İsrail’in Biden ziyaretinden en büyük beklentisi, ABD Başkanı’nın Suudi Arabistan’ı da ikna edip, Abraham anlaşmalarına dahil olmasını sağlaması. Sonrası kolay; Ortak düşman İran’a karşı işbirliği ortak hava savunma sistemi ile başlar, kim bilir, belki de iş “Ortadoğu NATO’su”na kadar varır.
İsrail ile Araplar’ın, arkalarına ABD’yi de alarak oluşturmaya başladıkları ortak hava savunma sistemi şimdilik her bir ülkenin kendi imkanlarını, yine kendi topraklarından kontrol etmesinden oluşuyor. Ortak askeri üs henüz düşünülmüyor. Ancak İsrail ve Araplar’ın, çoğunluğunu ABD’den aldıkları hava savunma unsurlarını İran saldırılarına karşı “koordineli” kullanmaları için bir ortak çalışma sistemi oluşturuluyor.

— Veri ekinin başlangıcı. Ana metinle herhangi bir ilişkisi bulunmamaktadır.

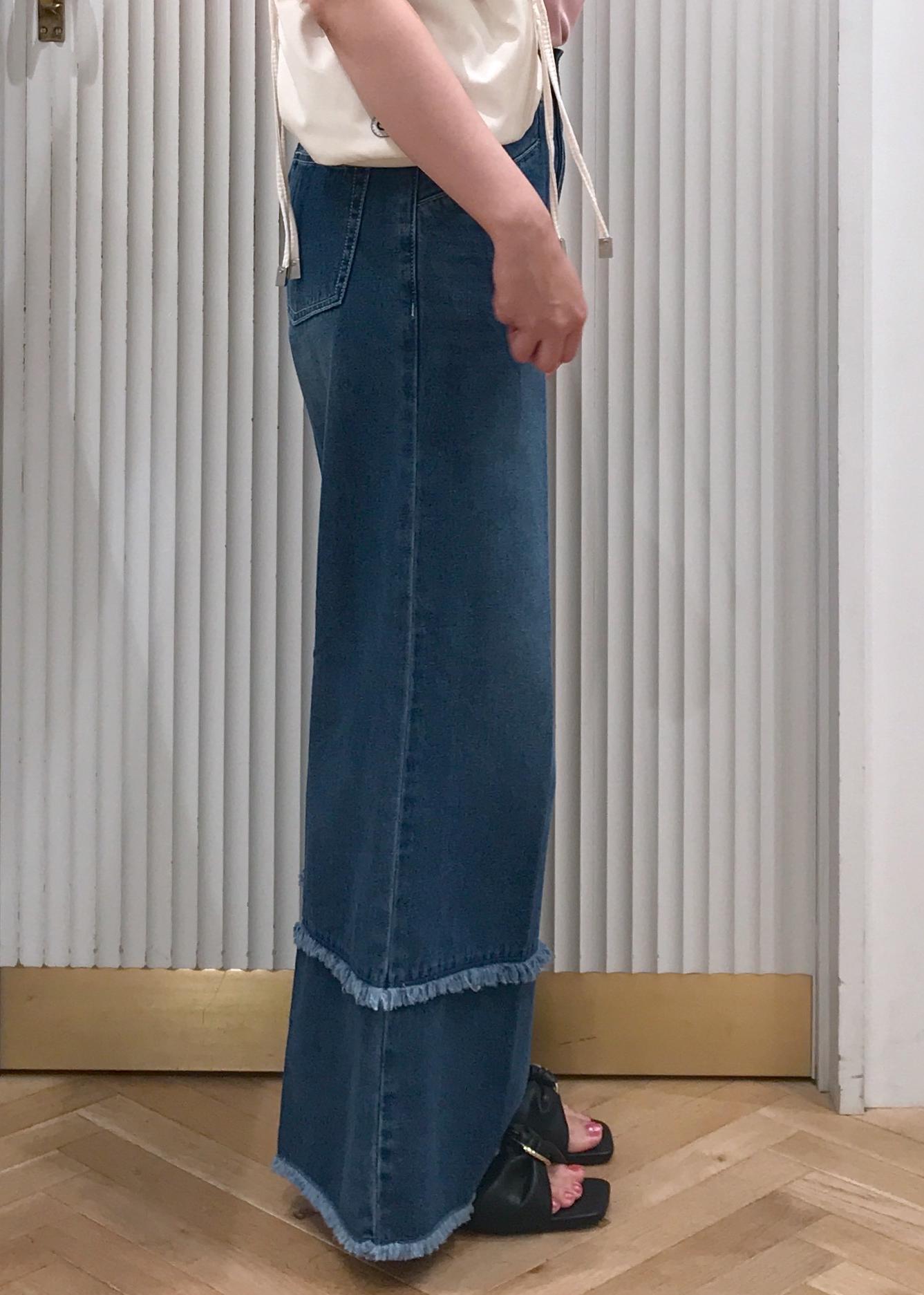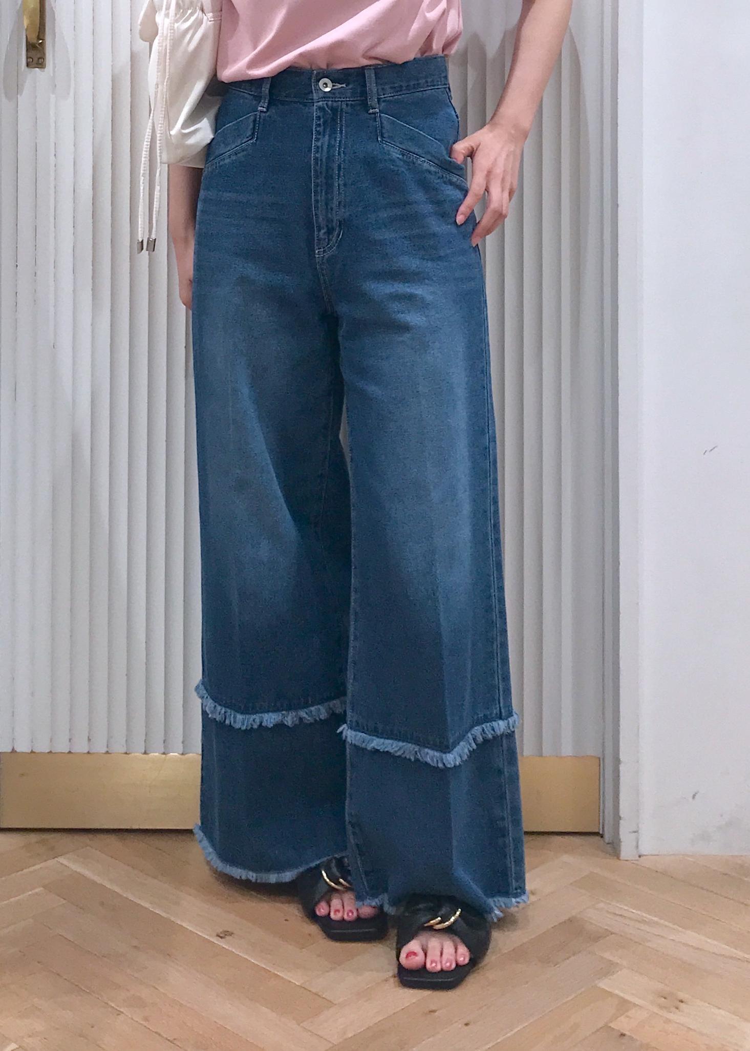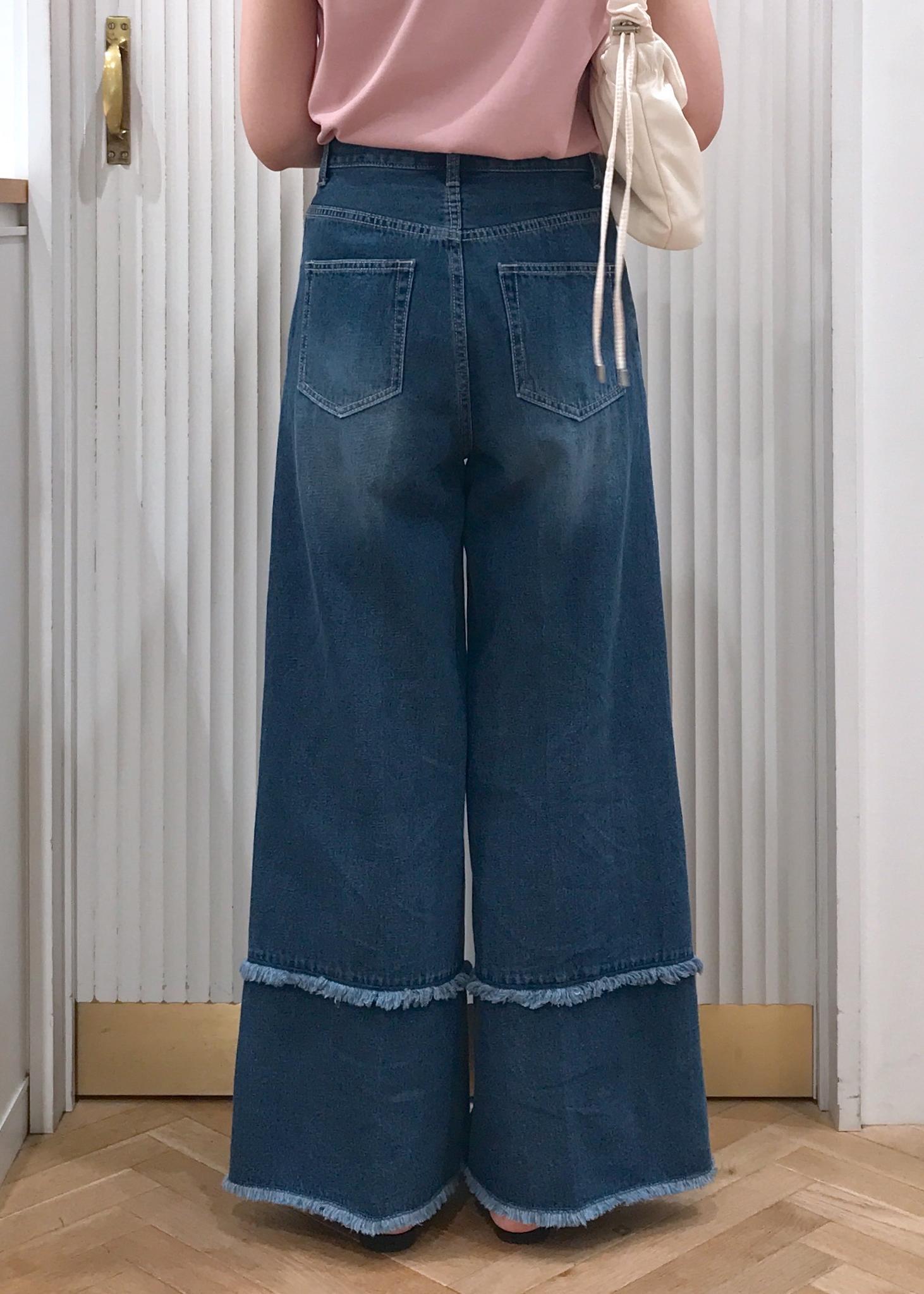 VISフリンジフレアデニムブルー系 / M¥4,395レビュー私の身長で足首が完全に隠れる着丈感でペタンコなサンダルと合わせても引き摺らない位です。

Türkiye henüz bu savunma işbirliğinin dışında gibi duruyor. İktidardaki AK Parti hükümeti her ne kadar bir dönem bizzat Cumhurbaşkanı Erdoğan’ın Filistinliler’e karşı “devlet terörü” uygulamakla suçladığı İsrail’le barışma yoluna girmişse de, henüz işi “ortak savunmaya” vardırmak için erken. Üstelik Türkiye’de seçim yakın. Seçmene hem Suudi Arabistan ilişkilerindeki, hem de İsrail ilişkilerindeki keskin dönüşleri anlatmak ve kabul ettirmek zor. Buna bir de “savunma işbirliği” eklenmesi, AK Parti tabanından gelmekte olan tek tük itiraz sesini çoğaltabilir.